Henderson Field Update
Troops sent to Honiara; city in ruins
A FORCE of more than 100 Australian soldiers and 80 federal police have been rushed to the Solomon Islands to battle rioters laying siege to the island nation’s capital Honiara.The violence is the worst in the Solomons since Australia and other Pacific nations intervened in 2003 to end years of bloody ethnic gang conflict.
An uneasy calm had descended on Honiara last night as soldiers began to patrol the streets, but there was still sporadic looting and some buildings were still ablaze.

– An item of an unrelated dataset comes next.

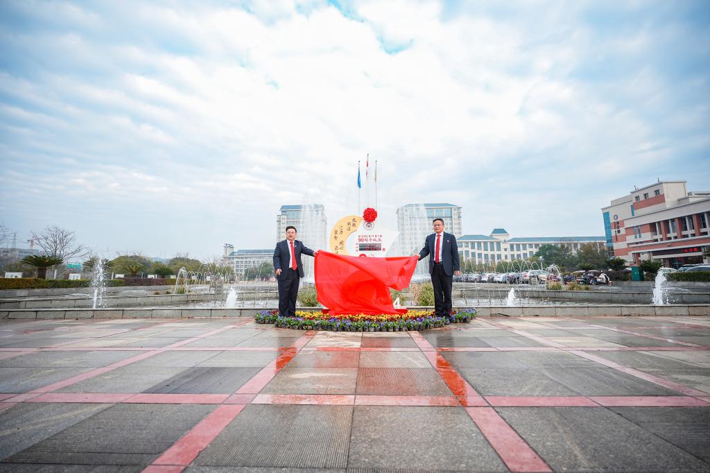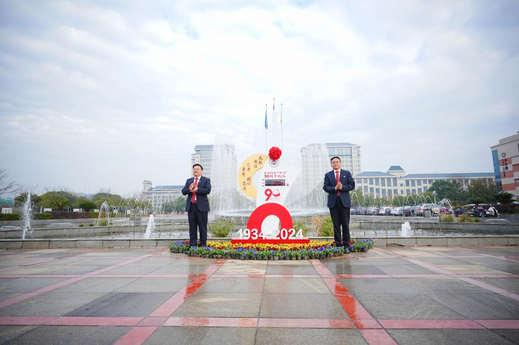 我校党委书记戴爱国、校长易刚强共同为90周年校庆倒计时牌揭幕。
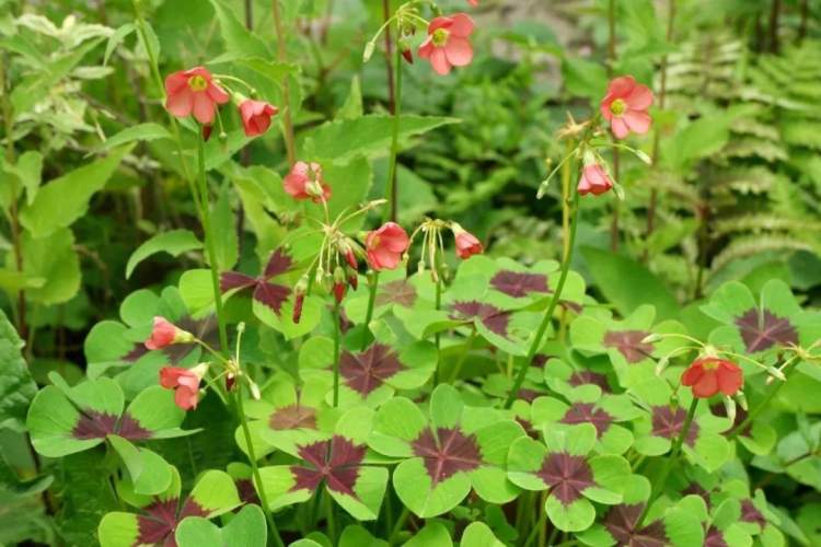 原产墨西哥的宿根植物,因为叶片中间有铁锈色斑纹,又叫铁十字酢浆草。也许你在哪个礼品店里买到的“幸运草”,就是由四叶酢浆草叶片做的,毕竟,没有那么多的幸运草可以供给工厂的流水线制作大量的礼品。

Government spokesman Alfred Maesulia said 90 per cent of Chinatown had been ransacked, looted and burned, with Honiara’s newest hotel also set alight.
In August, 1942, the United States and Japan finally came to grips in a land battle. They collided on the remote Pacific Island of Guadalcanal. It was a ferocious months-long battle. The Americans had landed in large numbers along the coast. The Japanese forces largely controlled the hinterland. In the daytime, the Americans dominated the sea and air, re-supplying and reinforcing our forces. But at night, the Japanese Navy, which had trained for and specialized in night-fighting, ruled the waves, and tried to re-supply their own forces.
Throughout the battle, a crucial element was a dirt landing strip within the American lines, called Henderson Field. With the fighters based at Henderson, the Americans were able to dominate the daytime skies, turning back Japanese bombing raids, protecting our sea and land forces. Eventually, the tide turned; the Americans secured Guadalcanal and began the island-hopping campaign that led to Tokyo Bay in August, 1945.
After the war, a city sprang up around the greatly expanded facilities of Henderson Field. That city is called Honiara.